Directions: Would you output the lines from the one containing "Longway Super Dlx" through the final line of the entries, exactly and with pictures omitted?

Record extracts:
————————
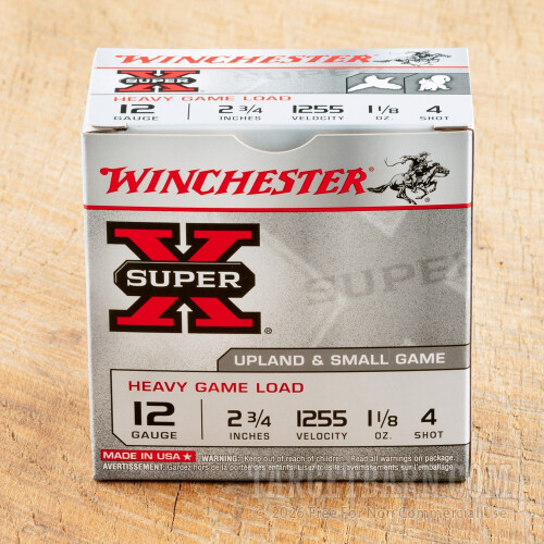 Winchester Super-X 12 Gauge Ammunition - 25 Rounds of 2-3/4" 1-1/8 oz. #4 Shot
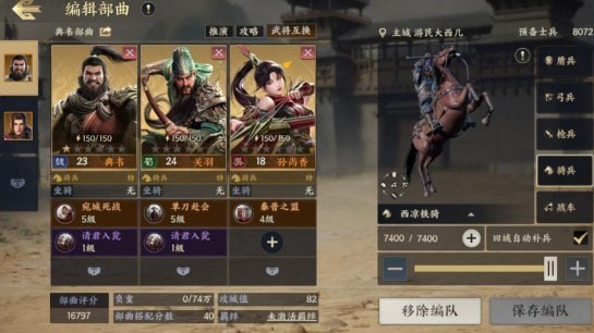 当然,业务之外的游戏战斗策略部分也是重中之重。首先,《战地无国界》采用了英雄武将和兵种的组合,玩家可以自由选择三部曲中的武将,并根据其特点搭配合适的阵型兵种。
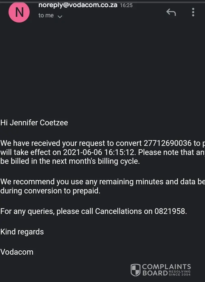 I have been trying to cancel one of my Vodacom contracts since the 29th April 2021 - when it was due to expire. I have phoned the' cancellations Department' 15 times, spoken to different consultants, and they could see from the records I had phoned numerous times, and to date, no cancellation seems to have been done. I have received two e-mails saying that it has been logged to prepaid and will take effect with from 11.05.2021. Yesterday, another e-mail received, which is the same as the previous one with the date now 06.06.2021. I went into a Vodacom Store and they confirmed it has been cancelled.
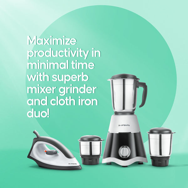 Longway Super Dlx 700 Watt Mixer Grinder with 3 Jars for Grinding, Mixing with Powerful Motor & Kwid 1100 Watt Dry Iron | 1 Year Warranty | (Black & Gray, Combo Offer)
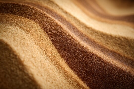 Patterns formed by layers of brown and beige sand in a close-up view, highlighting texture and colors at midday in a studio setting
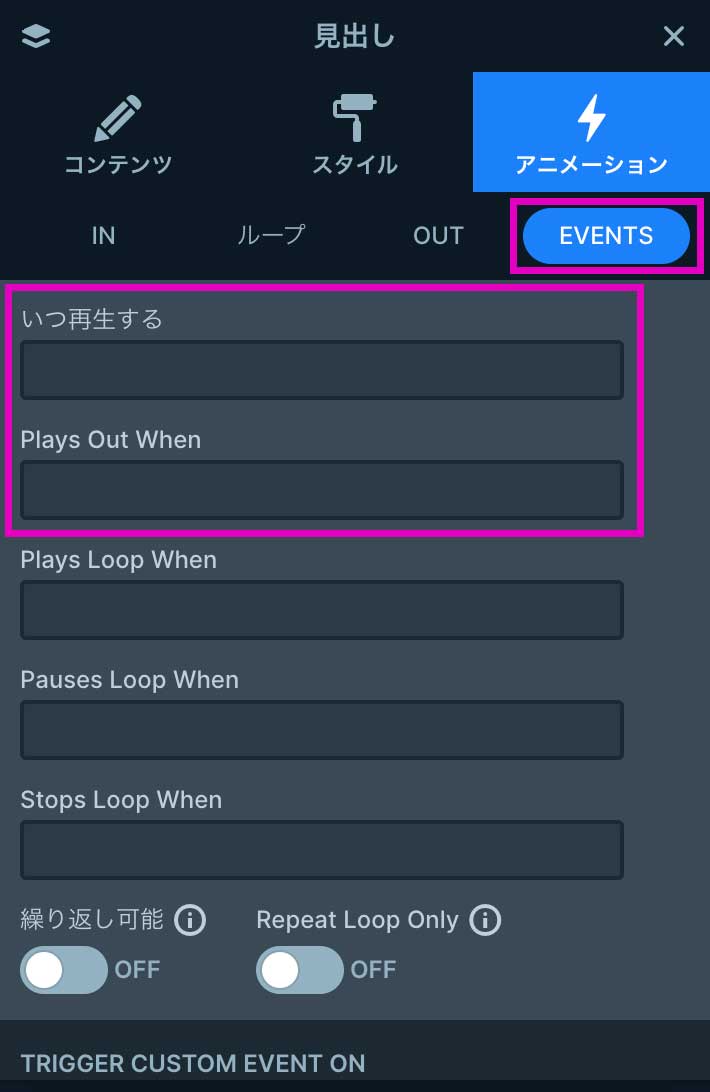 そして『EVENTS』タブで、「IN」と「OUT」2つのアニメーションを発動させる条件をそれぞれ設定していきます。
————————
Result below:
 Longway Super Dlx 700 Watt Mixer Grinder with 3 Jars for Grinding, Mixing with Powerful Motor & Kwid 1100 Watt Dry Iron | 1 Year Warranty | (Black & Gray, Combo Offer)
 Patterns formed by layers of brown and beige sand in a close-up view, highlighting texture and colors at midday in a studio setting
 そして『EVENTS』タブで、「IN」と「OUT」2つのアニメーションを発動させる条件をそれぞれ設定していきます。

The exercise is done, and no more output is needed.